About Deccan AI

Deccan AI is a high-growth, venture-backed AI model training and evaluation company headquartered in the Bay Area. Founded by alumni of IIT Bombay, IIM Ahmedabad, and ex-Google, we partner with the world’s top AI frontier labs including Google DeepMind, Snowflake, and several cutting-edge research groups. We are backed by Prosus Ventures, and our India office is based in Hyderabad.

We’re not just participating in the AI race we’re building the infrastructure that powers it.

With 1M+ global experts, advanced automation, and vertically integrated platforms, we deliver the gold-standard data that world-class AI models rely on. The AI data annotation market is exploding set to quadruple by 2032. The opportunity? Massive, and you can help define the future.

Job Description:

1. Background

The ML Researcher plays a critical role in keeping the organization at the forefront of AI innovation through deep, end-to-end research. This role is focused on identifying emerging research directions, designing novel AI benchmarks, and creating high-quality evaluation datasets aligned with both cutting-edge research and organizational priorities.

The ML Researcher bridges the gap between theoretical research and practical application by translating insights from the latest AI papers into actionable benchmarks and evaluation frameworks. The role emphasizes deep research, synthesis of academic and industry findings, and the design of solutions that meaningfully advance AI systems—particularly in agent frameworks, machine learning models, and emerging AI paradigms.

2. Purpose of the Role

The primary objective of the ML Researcher is to conduct comprehensive AI research and design novel, scalable, and real-world–relevant benchmarks and evaluation datasets.
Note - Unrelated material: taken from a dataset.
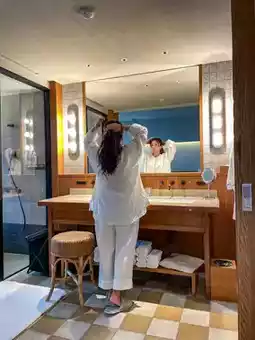 There was a large mirror and two sinks, so I was able to get ready comfortably without feeling cramped.
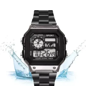 Stainless Steel Digital Sports Watch: Waterproof, Multifunctional LED Wristwatch for Men

The role aims to push beyond existing evaluation practices by defining new criteria that better measure the capabilities and limitations of modern AI systems.

3. Key Responsibilities

1. Research & Literature Review

Continuously track the latest AI research, conferences, and publications.

Conduct in-depth literature reviews across emerging AI models, agent frameworks, and evaluation methodologies.

Identify gaps, limitations, and opportunities in existing benchmarks.

Assess current industry benchmarks for relevance to organizational and client goals.

2. Benchmark & Evaluation Design

Propose novel AI benchmarks informed by research insights and industry gaps.

Design evaluation datasets that assess AI systems across both coding and non-coding domains.

Ensure benchmarks and datasets are innovative, scalable, and practically applicable.

Define meaningful evaluation metrics that provide actionable insights into model performance.

3. Documentation & Research Deliverables

Create high-level requirement documents for each benchmark or dataset, covering:

Problem statement and motivation

Design overview and structure

Evaluation metrics and success criteria

Testing and validation guidelines

Ensure documentation is clear, comprehensive, and implementation-ready.

4. Cross-Functional Collaboration

Work closely with the ML Lead, pipeline-focused MLEs, and project managers to align research outputs with organizational priorities.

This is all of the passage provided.